# Someone is illegally drowning turtles near the Hawkesbury River.



## Flaviemys purvisi (Feb 22, 2018)

*It has just been brought to our attention at AFT that some thoughtless idiot has been drowning turtles near the Hawkesbury River by using illegal traps!

He is leaving them unattended after they are baited and set, and after being set for 3 hours the turtles drown. 

If any members know whose traps they are please report it to NSW Department of Primary Industries here... *
*https://www.dpi.nsw.gov.au/fishing/compliance/report-illegal-activity
as well as NSW Environment and Heritage on (02) 9995 5000 or by email
[email protected]

Discovered today: 2 illegal traps in Bushells Lagoon in Wilberforce, NSW. Almost 20 drowned turtles!





Now is a timely reminder to ask members of the public and especially the members here to remove any traps from freshwater rivers, creeks, lagoons and ponds to check for illegal activity, similar to the ones above. All of those traps are illegal in Australian waterways. The traps need to be destroyed and it needs to be reported as soon as possible!
*


----------



## Bl69aze (Feb 22, 2018)

I saw a post on Facebook, however they were saying they found a few nets with turtles sitting in direct sunlight with multiple dead turtles


----------



## EddyFade (Feb 22, 2018)

That’s horrid! Hope they catch who ever is doing this and perhaps put them in some sort of trap? Maybe even under water also?


----------



## Snapped (Feb 23, 2018)

That's disgusting, why would anyone do that? Bastards.


----------



## Flaviemys purvisi (Feb 23, 2018)

Just a brief of some legal and ILLEGAL traps in Australian waters, so if you see any ILLEGAL ones, you know what to do. Info obtained from the AFT forums and posted with permission from APS admin

*Legal Yabby Trap (Opera house style trap)*
Although a legal yabby trap in inland waters of Australia, it has been known to drown small turtles. When using traps like these its best to use bread with Vegemite for bait instead of meat.
Note the relatively small metal rings at each end that the Yabby must climb through making it impossible for medium and large turtles to gain access through.




*** NOTE. We've seen these modified before where the rings have been removed and replaced with large rubber bands... This allows turtles to push through, be trapped and drown.



*Legal Bait Traps (Concertina) *
Available in a variety of colours and great for catching feeder fish and freshwater prawns. Use bread with Vegemite for fish and for freshwater prawns.

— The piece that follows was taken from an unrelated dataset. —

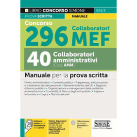Manuale di preparazione al Concorso 296 collaboratori MEF. Pubblicato in Gazzetta Ufficiale concorsi ed esami n. 104 del 31 dicembre 2021 il concorso RIPAM, per titoli ed esami, per l'assunzione a tempo indeterminato di 296 funzionari nei profili dei ruoli del Ministero dell'Economia e delle Finanze. I 296 posti sono così ripartiti: n. 198 profilo collaboratore amministrativo-contabile; n. 58 profilo collaboratore tributario; n. 40 profilo collaboratore amministrativo. Questo volume è rivolto a coloro che si preparano ad affrontare la prova scritta per collaboratori amministrativo contabili (codice concorso CONT) e per collaboratori amministrativi (Cod. AMM). La prova scritta, distinta per i codici concorso, consiste in un test di quaranta quesiti a risposta multipla da risolvere in sessanta minuti. Il manuale Concorso 296 Collaboratori MEF - 40 Collaboratori amministrativi (Cod. AMM) è indirizzato a coloro che devono affrontare la prova scritta del concorso bandito in G.U. 31-12-2001, n. 104. Il testo, seguendo il programma del bando, tratta le materie oggetto della prova scritta - che consiste in un test di 40 quesiti a risposta multipla - ossia: Diritto amministrativo con riferimento ai contratti pubblici e alla normativa in materia di trasparenza e protezione dei dati personali; Rapporto di pubblico impiego, organizzazione e management delle pubbliche amministrazioni. L'anticorruzione; Elementi di diritto dell'Unione europea; Contabilità di Stato e degli enti pubblici; Test situazionali commentati; Inglese, Informatica e Logica (solo quiz su software). Il manuale è corredato da numerose risorse online: Espansioni semplificate per chi non ha mai studiato diritto. Approfondimenti e normativa d'interesse. Un software con quiz a risposta multipla su tutte le materie oggetto della prova per esercitarsi in infinite simulazioni.

*Illegal Yabby Trap (Opera House style trap)*
Many freshwater turtles have drowned because of these traps being left in dams or rivers overnight. The turtles are easily able to push through the long horizontal slit at each end.





*Illegal Crab Trap*
These Crab Traps are illegal in any inland waterways (freshwater) of Australia. I have personally seen many turtles drowned in these traps as well.





*Illegal Drum Net*
This trap/net pictured is a relatively small one. I have seen large ones with 44 Gallon Drums used for the trap entry. This type of trap can catch and drown anything from freshwater Turtles to Platypus and diving birds, including Cormorants and Darters.





*Illegal Fyke Net*
These traps/nets are illegal in Australia *unless permits have been granted by Fisheries and local wildlife authorities and displayed on the net*. These nets/traps are commonly used for scientific purposes (RESEARCH) by scientists and researchers. They can only be purchased in N.Z and shipped to Australia. The end usually has a large float in it to allow any animal trapped in it to come to the surface to breathe. These traps catch a lot of Turtles and Platypus. Some Fyke nets have 'wings' coming off the sides or a single strip of netting extending from the middle of the front of the trap. These extra lengths of netting work like a barrier that the animals swim along until they enter the trap. This extra netting makes the net extremely efficient.


----------